Pure heat roared over me as I coiled myself under the windowsill. Chance tried to wrap himself around me, but the closest shadow snatched at my arm instead. A wave of blackness washed over me like an oil spill.
It wanted me. Maybe they recognized my taste now. And I couldn’t fight back this time. Nowhere to run. The fire wasn’t enough. Too slow, not quite hot enough.
And I’m so cold...
Funny, I thought as I began to fade. I always figured I’d burn.
“No!” Chance shouted, but his voice sounded as if it came through a long tunnel or maybe out through a pipe organ.
As I blacked out, I dreamed I saw Kel locked in terrible battle with a dark figure wreathed in unholy tendrils of smoke. God’s Hand carried a slim silver knife, the blade flashing too bright in the heavy air. Kel muttered, “Go with God,” as the warlock raised both arms. I wanted to flinch, fearing the outcome.
But I was so very cold...
The next thing I knew, the whole world lit up with blue-white fire. A terrible crack split the porch overhead, and Chance shielded me as charred wood fell. The air smelled charged, different than the smoky plume rising from the ruined house.
Thunder boomed, shook the very ground we crouched upon. Lightning. Only Chance could’ve made that happen. A thousand and one probabilities... He spins the coin a hundred times and comes up tails every time.
“Oh, God, Corine... your lips are blue.”
Three times now, I’d nearly been taken by shadows. And three was a weighty number. Fire had saved me, just as it claimed my mother’s life. I didn’t understand, but the meanings would come later.
“I’m all right,” I managed to say through chattering teeth. “We should see how bad it is out there.”

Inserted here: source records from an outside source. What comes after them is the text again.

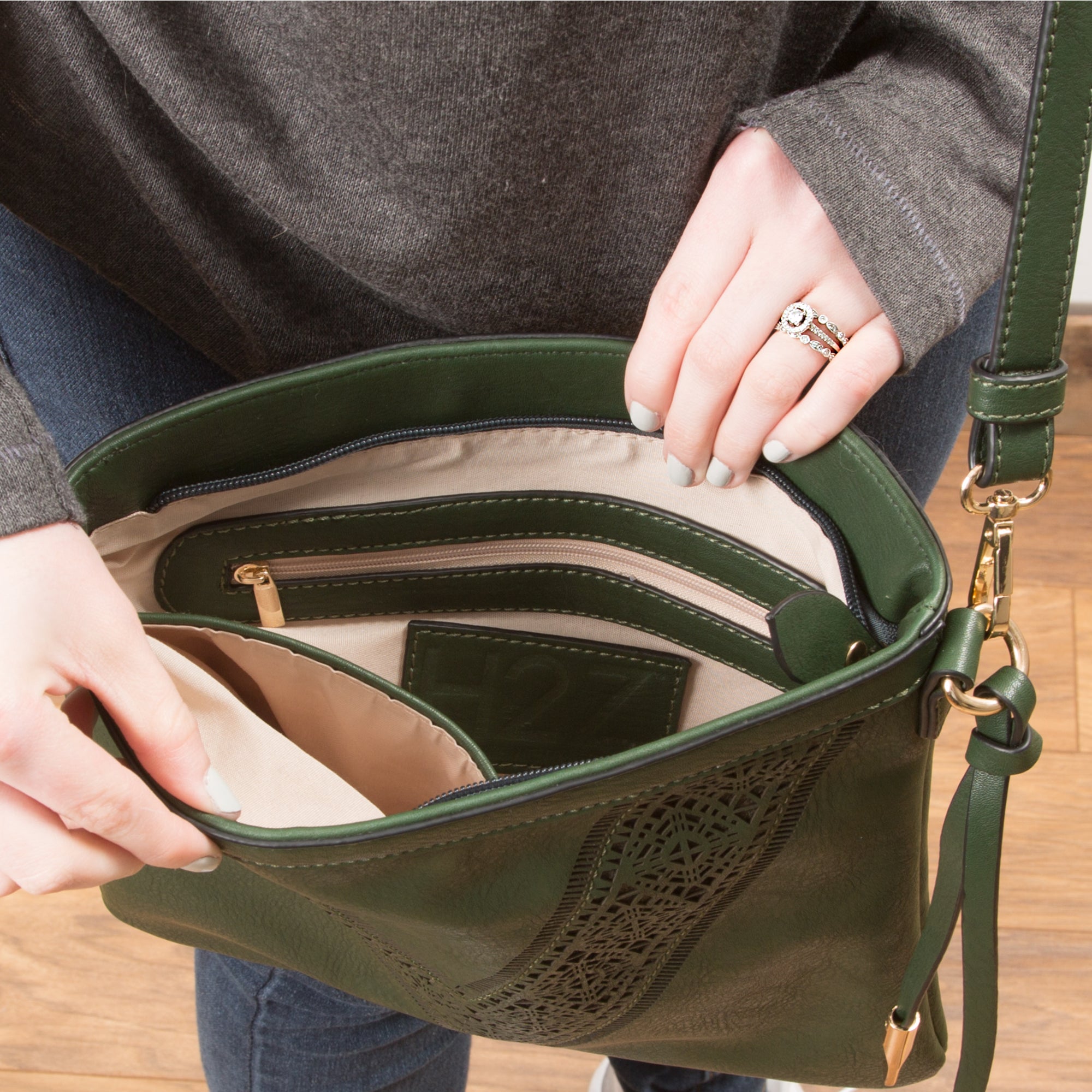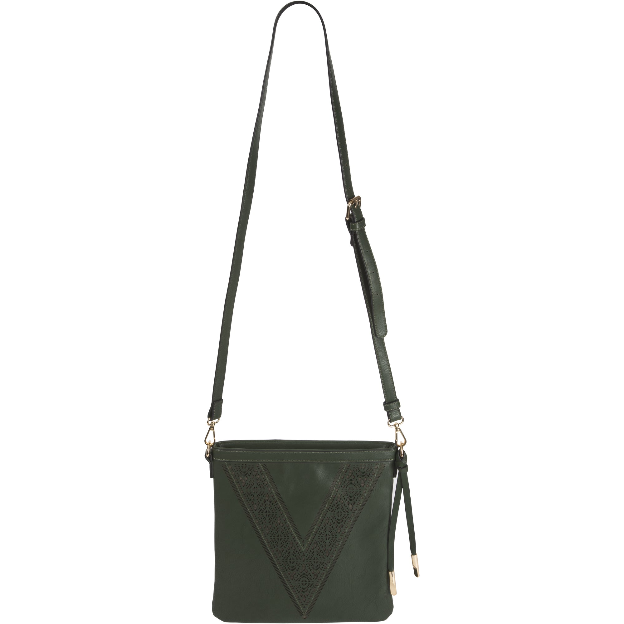 - IN-HOUSE DESIGN: Features laser-cut V-shape design, two open interior pockets, one interior zippered pocket, and adjustable strap.
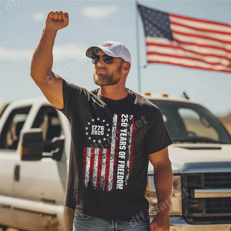 250 Years of Freedom 1776-2026 Distressed American Flag DTF Transfer
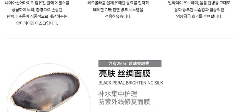 韓國Forencos 宋仲基代言7天面膜 SUN 星期日黑珍珠亮白蠶絲面膜 7DAYS七天集中護理系列 周日款 10片/盒—— 1、純棉纖維素材質面膜紙,提高面膜貼合度和滲透力。 2、含珍珠萃取成分、各種礦物質及氨基酸,打造亮白水嫩肌。 |
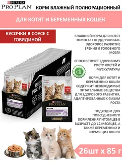 Влажный корм для котят с говядиной в соусе 85 гx26 шт
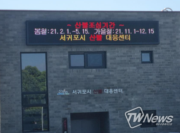 [제주교통복지신문 김현석 기자] 서귀포시는 2021년 가을철 산불 조심기간 전에 시민들에게 산불조심에 대한 경각심을 심어주기 위해 서귀포시청 2청사에 위치한 산불대응센터에 산불예방 홍보 LED 전광판을 설치했다.
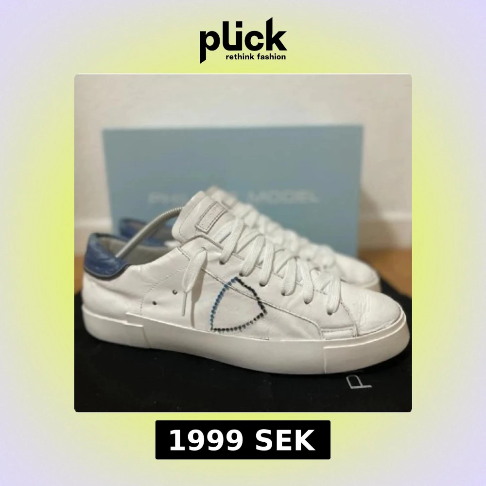Snygga vita sneakers från Philippe Model med blå häl och coolt broderat mönster på sidan. Skorna har rund tå, platt sula och klassisk snörning. Tillverkade i skinn för en lyxig känsla och har en stilren, modern look som passar till jeans eller shorts. Box och gympapåse medfölje, men boxen är rätt sliten.
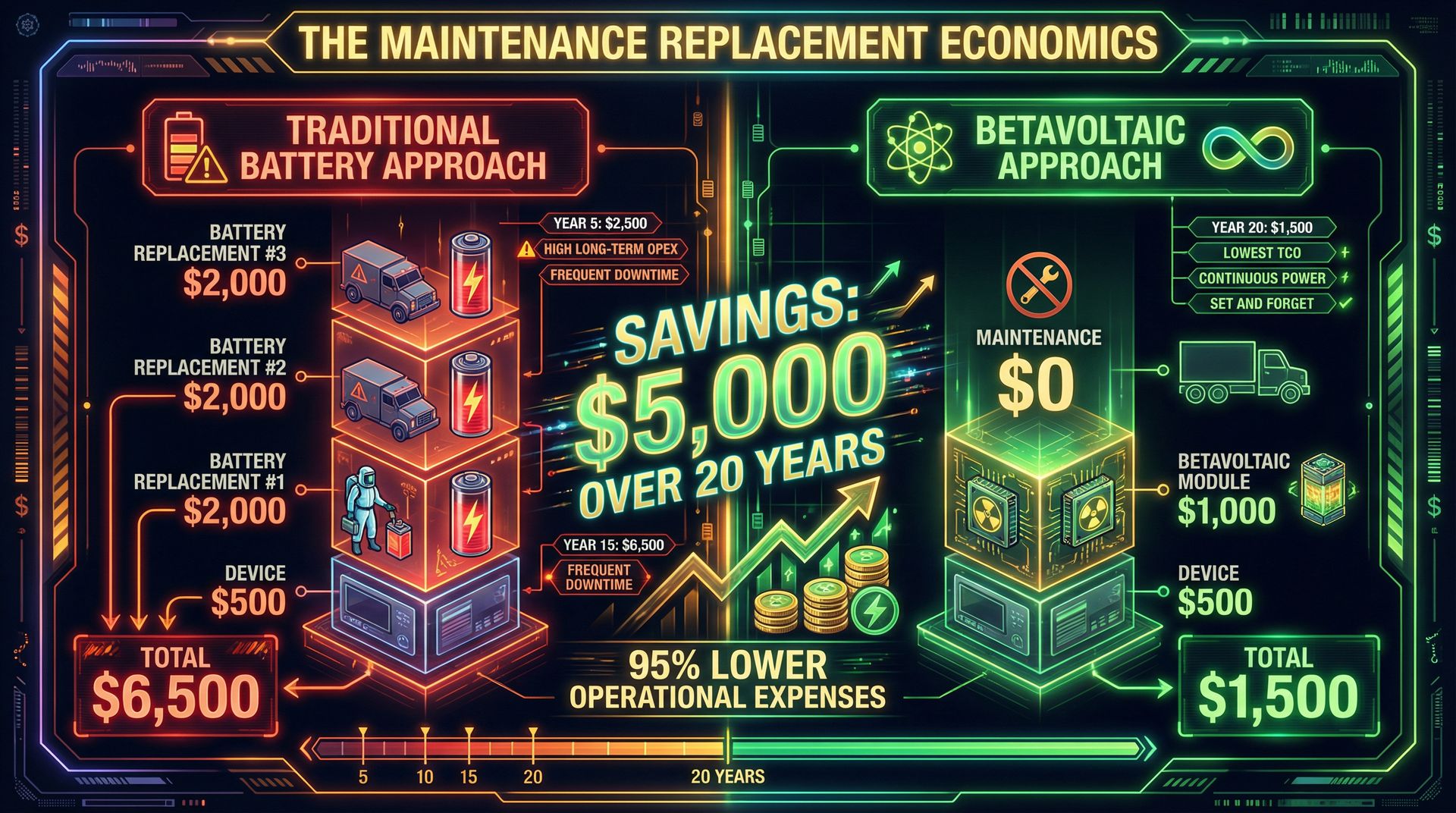 Break-even analysis: If a betavoltaic adds $1,000 to device cost but eliminates 2-3 service visits over 20 years, it’s a massive ROI.

The sounds of fighting had either ceased or were overwhelmed by the burning house and the raging tempest. Chaos raged around us, energies snapping like broken electrical wires. Chance reached for me, the back of his hands crisscrossed with new scratches and ash, and I let him tug me to my feet.

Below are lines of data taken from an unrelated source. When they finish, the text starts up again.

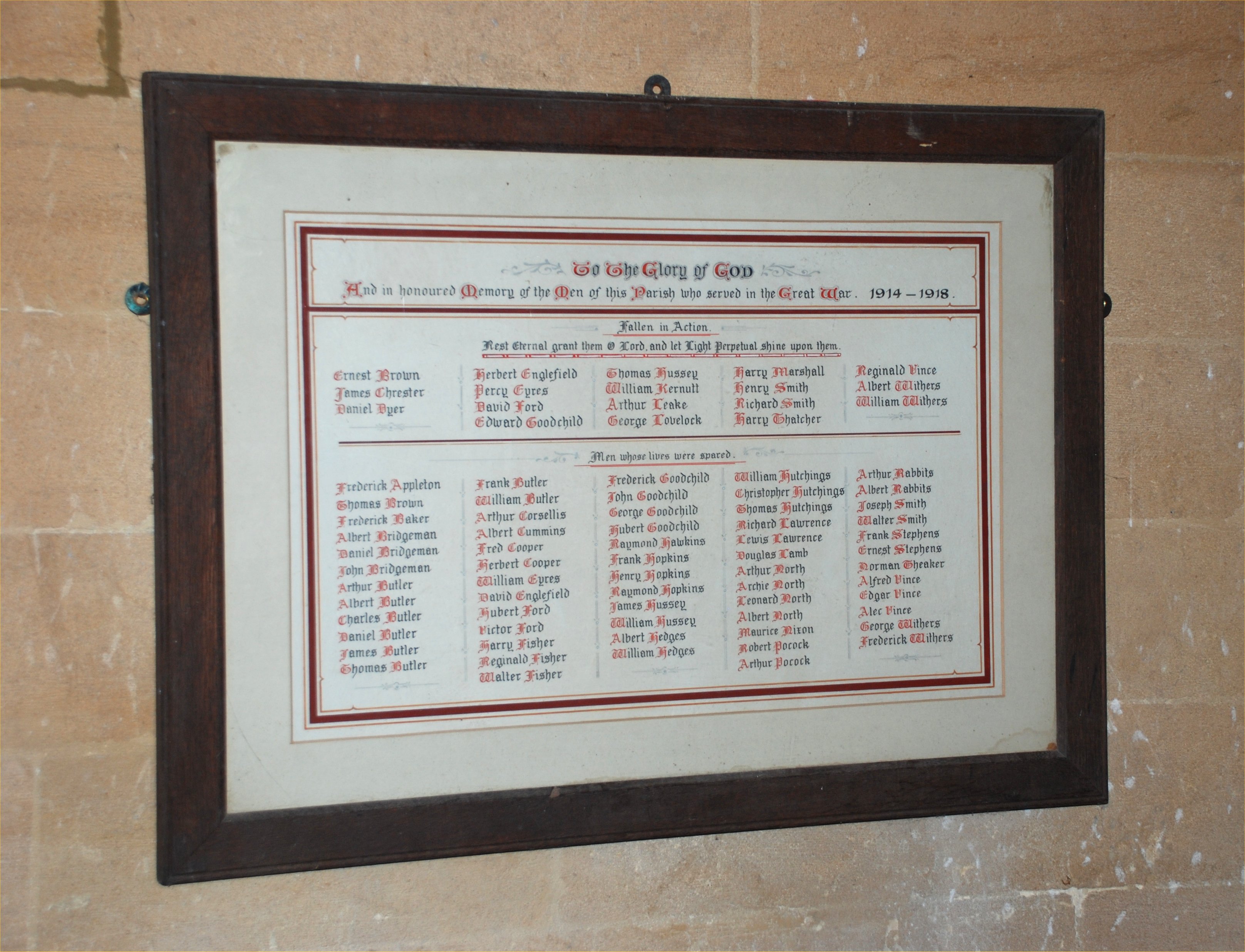 And in honoured Memory of the men of this Parish who served in the Great War. 1914-1918.
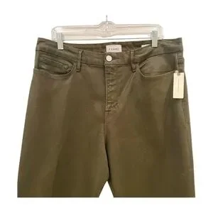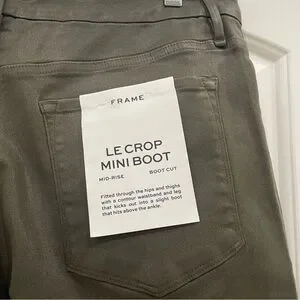 NWT Anthropologie Frame Green Le Crop Mini Boot Mid Rise Coated Denim Jeans 34
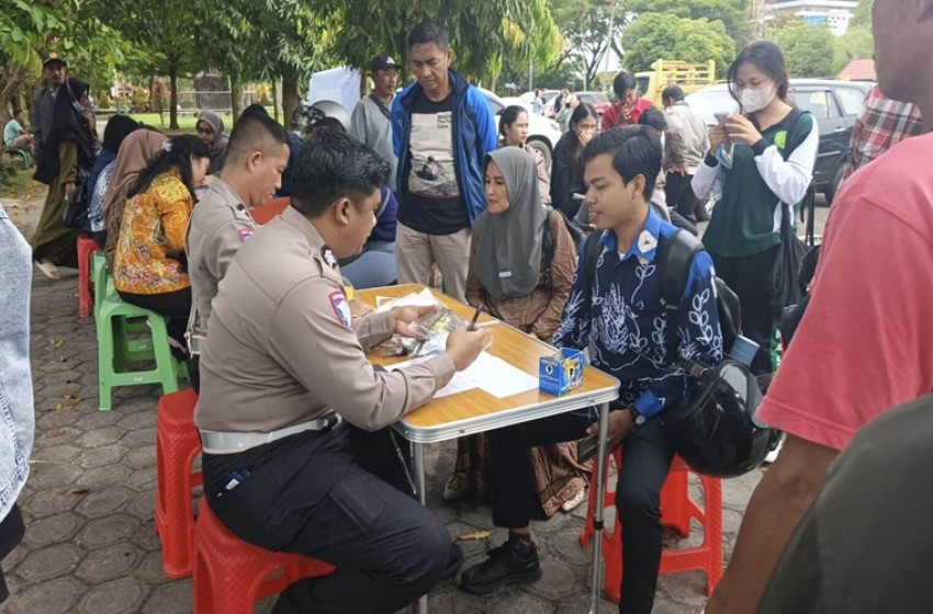 Tim Gabungan dari Satuan Lalu Lintas Polda Kalimantan Tengah (Kalteng), Badan Pendapatan Daerah (Bapenda) Kalteng, dan PT Jasa Raharja menggelar razia kendaraan bermotor di Jalan Yos Sudarso, tepatnya di halaman TVRI Kalteng, Kamis (24/4/2025).
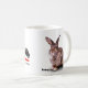 Uma caneca com o nome e o logotipo de BunnyLuv em um lado e no outro uma imagem de PETRA, que tem quase 11 anos velho e amores que escavam no feno e que snuggling com seus amigos do coelho.
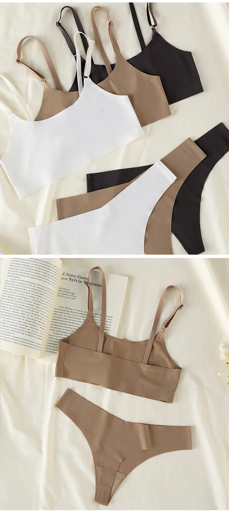 Hot Sale High Quality Latest Design Us Size Stylish Solid Ice Silk Seamless Wireless Bras And Women Underwear Set

Huge raindrops spattered us, rousing a hiss from the burning house behind us. The black storm gathered power as if fueled by its master’s fury. Howling wind lashed us, made it difficult for me to keep my balance. Chance put an arm around me as hail pelted us.
Together, we rounded the house, staying well out of back draft range. The open plain assumed a nightmare hue, stinking of death and decay. His flesh golems staggered toward us, no longer lacking direction.

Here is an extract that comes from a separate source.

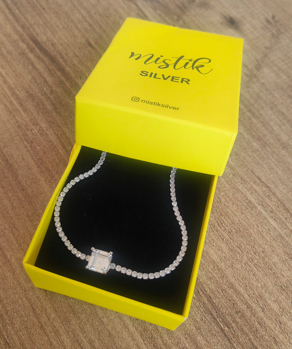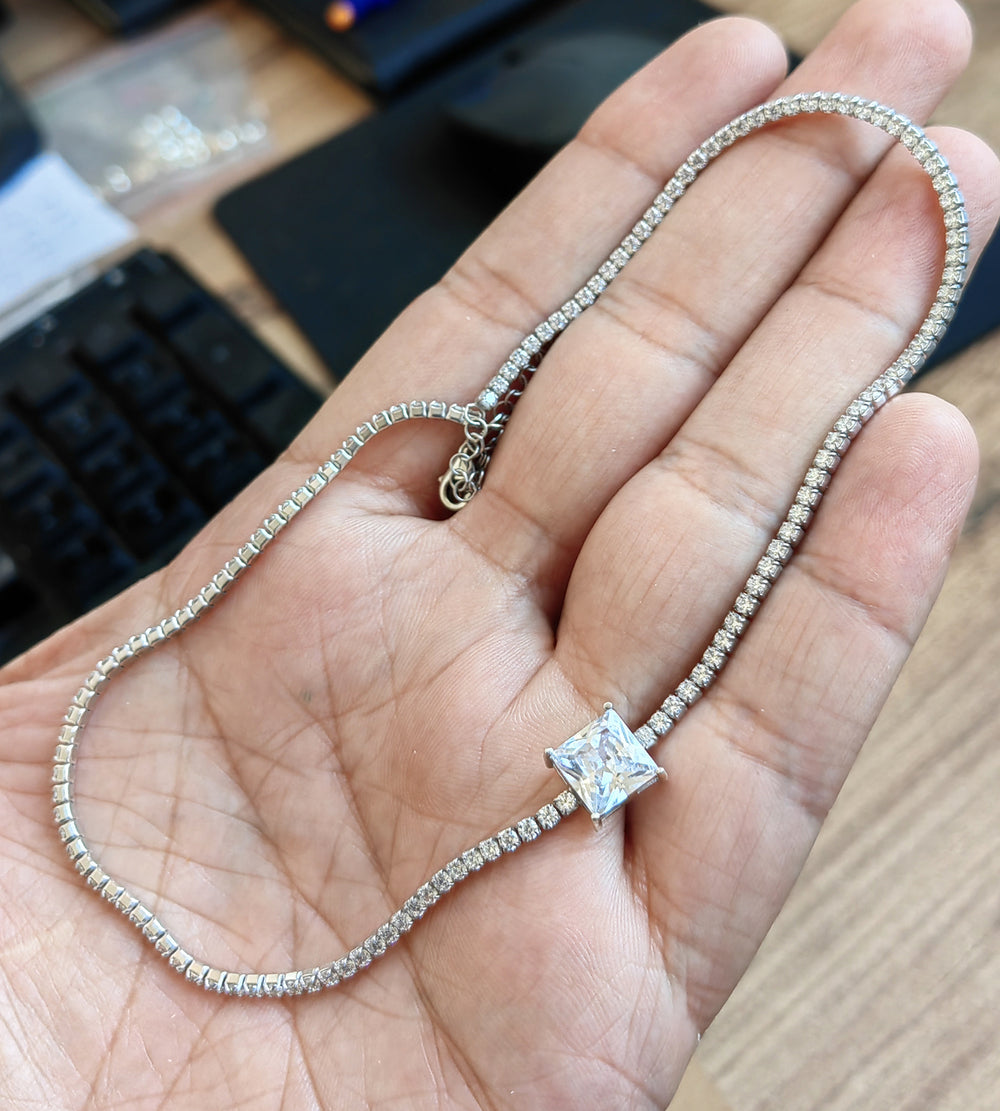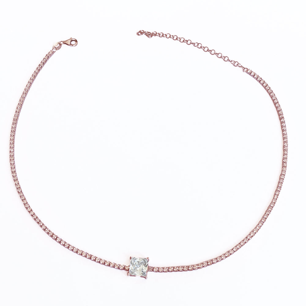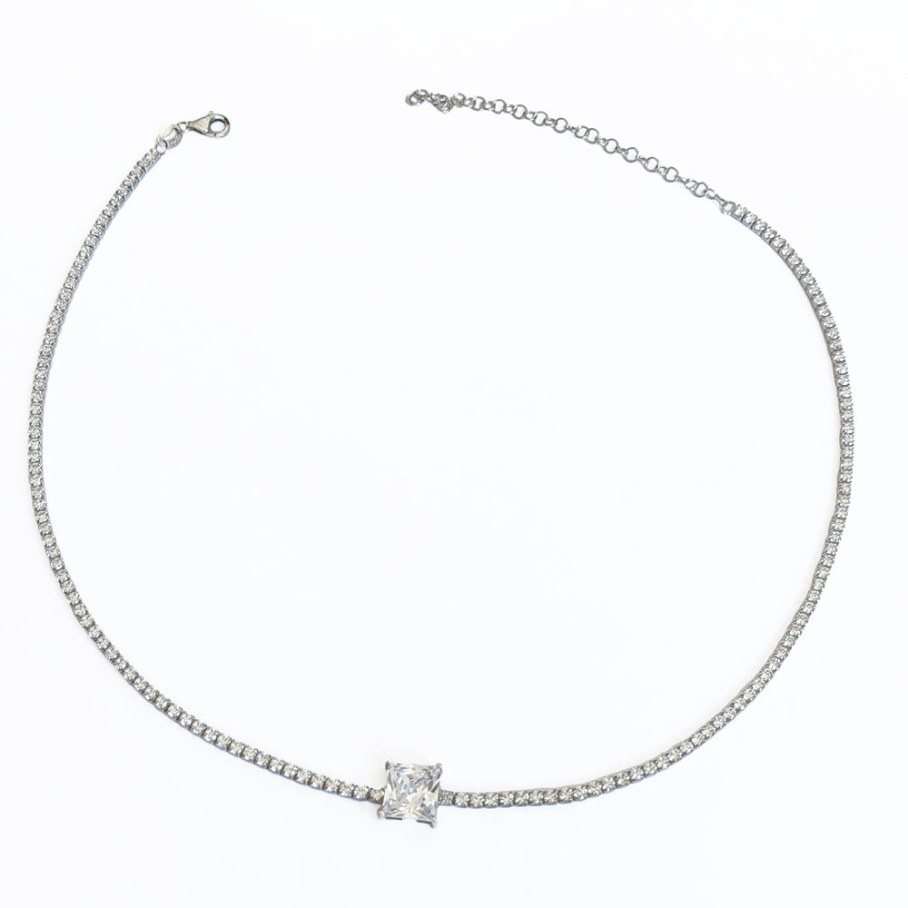 925 Sterling Silver Square Stone 2 mm Tennis Chain Necklace, Dainty Diamond Tennis Choker Necklace Gift for Anniversary

Which meant God’s Hand had failed.
I could hardly wrap my mind around it. We’d survived only by virtue of Chance’s luck and my strange relationship with fire. Flames had stolen my mother and nearly slain me in Tuscaloosa, and I suffered its kiss anytime I used my gift. Maybe that meant something, but I didn’t possess the leisure for self-analysis.
Behind the house, we found him.
Kel lay still as death, covered in more blood than I had ever seen. Once I would have screamed like a maniac, but we still had to deal with the master’s meat puppets.
And when the dark one showed himself, it wouldn’t be good.
Animated corpses closed in from all sides of the smoldering farmhouse. With his power depleted, doubtless the warlock hoped to wear us down. If only we could find the bastard, end this once and for all—but his mindless children would rend Kel limb from limb if we left him where he’d fallen.
We stood back-to-back once more, ready to make our last stand. Chance slung the automatic rifle from his back, removed the safety. His gun sparked as he fired into oozing zombie flesh. A young girl, beautiful in life, jerked as pieces of her shoulder and arm went flying. Still they came.